Ответа от Молчуна он не получил. Зато утвердительно кивнул Жнец и с любовью начал чистить свои кукри. Эти нехитрые манипуляции с булатом и маслом, сильно ускорили путь Ливера к рации.
– Лебяга, Лебяга, это Мишень, Мишень, отзовитесь. Прием.
Следом затрещало и донельзя недовольным голосом ответило:
– Ты там что, совсем мозги свои пропил, Ливер, связь каждые три дня в 20:00, с днем ты угадал, а вот со временем промашка.
– Джюс, с мозгами все в порядке, тут другое, шёбла, что ты подогнал намедни, в непонятки ушла, батрачит козырно, подтверждаю, зато бузит, вот и условия теперь выставляет. Прием.
– Не кипишуй Ливер, что-то я не догоняю, они, что там у тебя, мазу держат? Прием.
У Ливера вырвали из руки манипулятор радиостанции, бригадир потрошителей не нашел в себе сил сопротивляться. Молчун нажал тангенту.
– Халя-Баля[1], Урфин Джюс - это Молчун, не буду ходить вокруг да около, наши договоренности мы оттрубили по полной, даже с излишком. Ждем освобождения Бедового, да, и последний хабар неплохо бы раздербанить по понятиям. Прием.
В ответ шуршание и потрескивание эфира. И все же через какое-то время ему ответили:
– Слышь, плесень, ты кто по жизни?
Молчун усмехнулся:
– Из танкистов мы.
– Да я Вас всех, сучар диких, Урою. Я глава стаба, авторитет, за мной две тысячи стрелков. А кто вы, шелупонь, скитальцы нищие. Ладно дарю шанс на жизнь, год на меня оттарабаните в той же Мишени. Без мордобоя, конечно, теперь не обойтись, лично тебе Молчун харю чистить буду.

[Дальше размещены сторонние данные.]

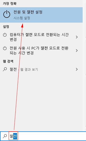 윈도우 키를 눌러 "절전" 입력후 전원 및 절전 설정 설정으로 이동합니다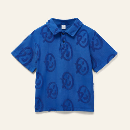 Crafted from soft, organic terry cotton, this relaxed-fit polo is both breathable and comfy, perfect for all-day wear. It features a unique inverted Wynken logo artwork all over, adding a fun twist to a classic design. With its cozy texture and easygoing fit, this polo shirt is ideal for everyday adventures, from playground outings to family gatherings. Perfect match for PULPO TRACK PANT and PULPO SHORT.

– Да, какой ты авторитет, Урфин Джюс? Лепила ты опомоенный и барыга знатный, это да. Слушай сюда, выпердышь кровавый. На кону семь жемчужин и туева куча споронов и гороха, ну и жизни ржавые шнырей твоих. Да и место это твое поганое, Мурское, в покое не оставим, в горизонт сложим, пластида тут хватит. Прием.
– За Мура не докажите, - нервно дав петуха прокричал фальцетом глава стаба, щелкнув тангентой.
– И не собираемся, лишний головняк нам не нужен. Придет время Стикс с тебя сам спросит. Ну, если конечно выгодно нам не подвернёшься, удавим без базара, мы в своем праве, ты ведь нас всех с самого начала пришить решил, и кусками внешникам продать. Прием.
– Спать не буду, свиданки ждать буду, а доказать все равно ничего не сможете, кто вас бродяг слушать будет.
– Кончай гнилые базары, Джюс. Решай. Тарахтеть, время закончилось.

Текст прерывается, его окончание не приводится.